She eyed him for an a-ha moment. “You drew the short straw.” She raised her eyebrows to make the statement a question.

This made his face relax. Made him handsome.

A hint of a smile curled his sharply carved masculine lips. “You’re right. It’s not your fault they sent me to...”

“...a town the world seems to have forgotten?” she finished for him.

“I don’t really mind being here. It looks to be a charming place.”

She tried to gauge his sincerity and couldn’t decide. “It could be a charming town again, will be, if we can make some changes.”

He held out his hand toward her, this time in greeting. “I’m Dr. Daniel MacCarey. I teach anthropology at the university.”

She took his hand readily and shook firmly. His handshake was a genuine palm-to-palm and not the fingertips she often got, and strong.
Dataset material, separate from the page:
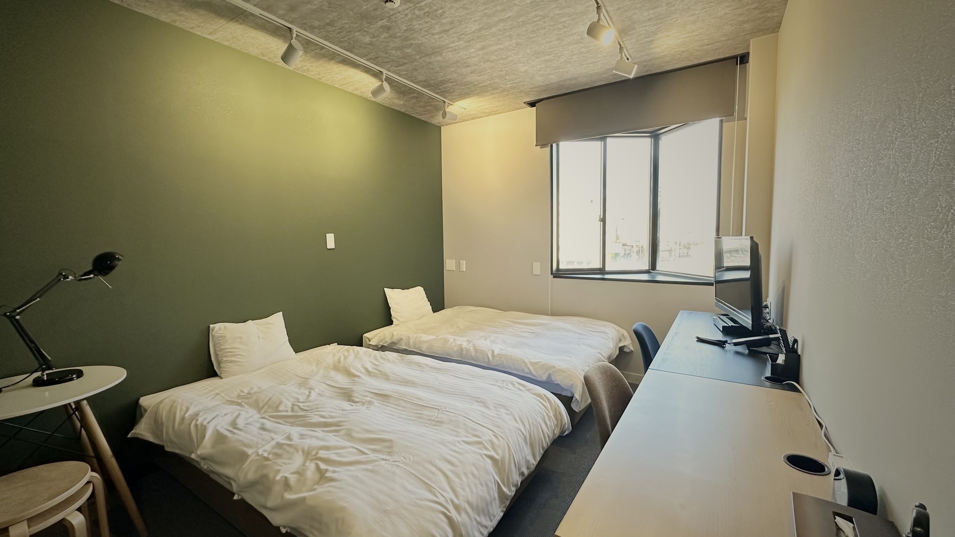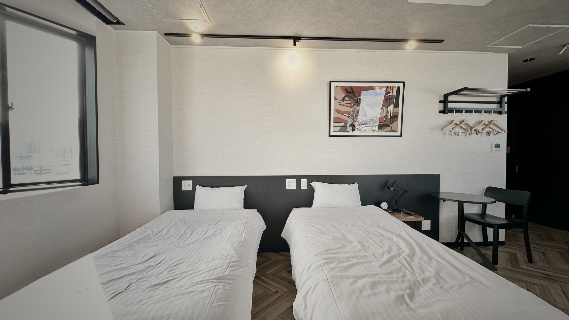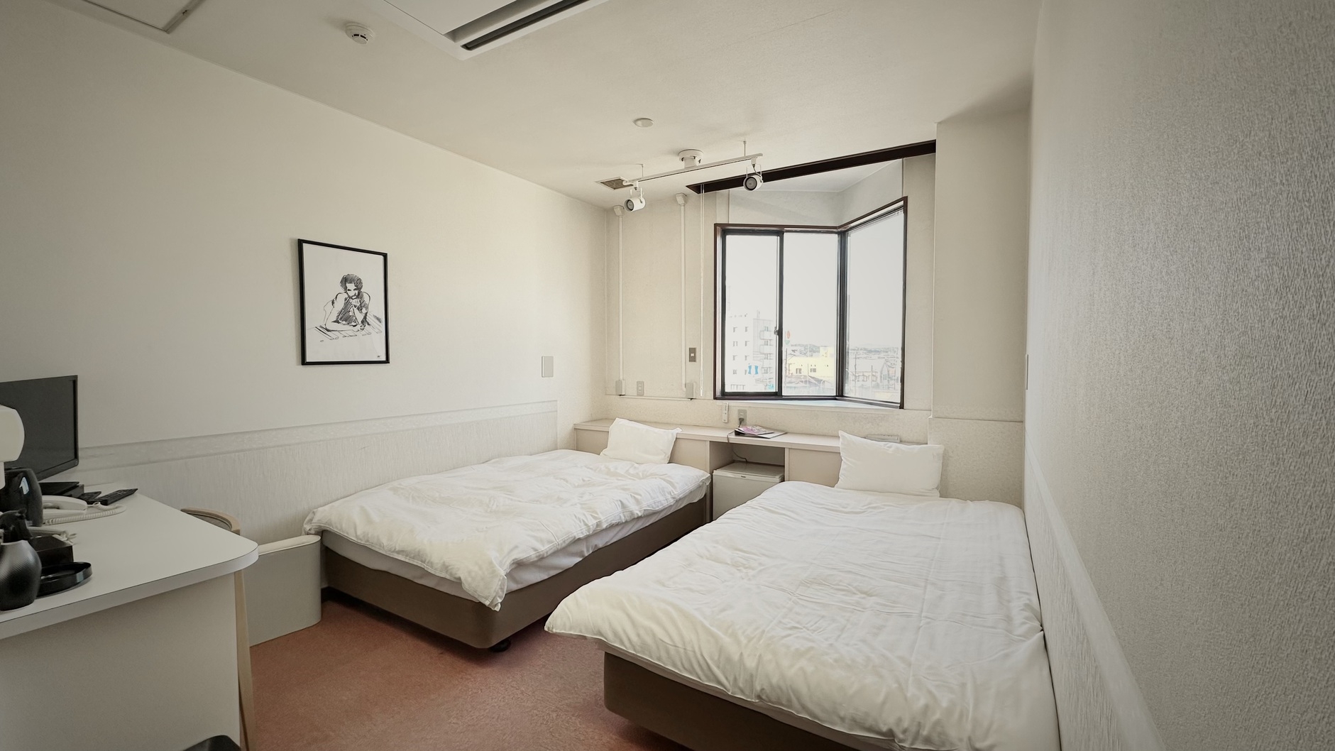 ◆禁煙◆シングルベッド2台(100cm×195cm)◆シャワールーム(浴槽なし)◆Wi-Fi無料◆改装済

“Mia Parker. I’m trying my best to help build up Bailey’s Cove, make it, if not a destination, at least a stopping place on the central Maine coast.” She winced as her words came out sounding like the pitch she had given to the town council when she was seeking permission to renovate the historic building.

“Good, the introductions are all finished. We can get started right away.” Chief Montcalm strode into the back room and gave them each a nod of greeting. He shook Mia’s hand and then Dr. MacCarey’s, giving each of them a direct and steady look in the eyes.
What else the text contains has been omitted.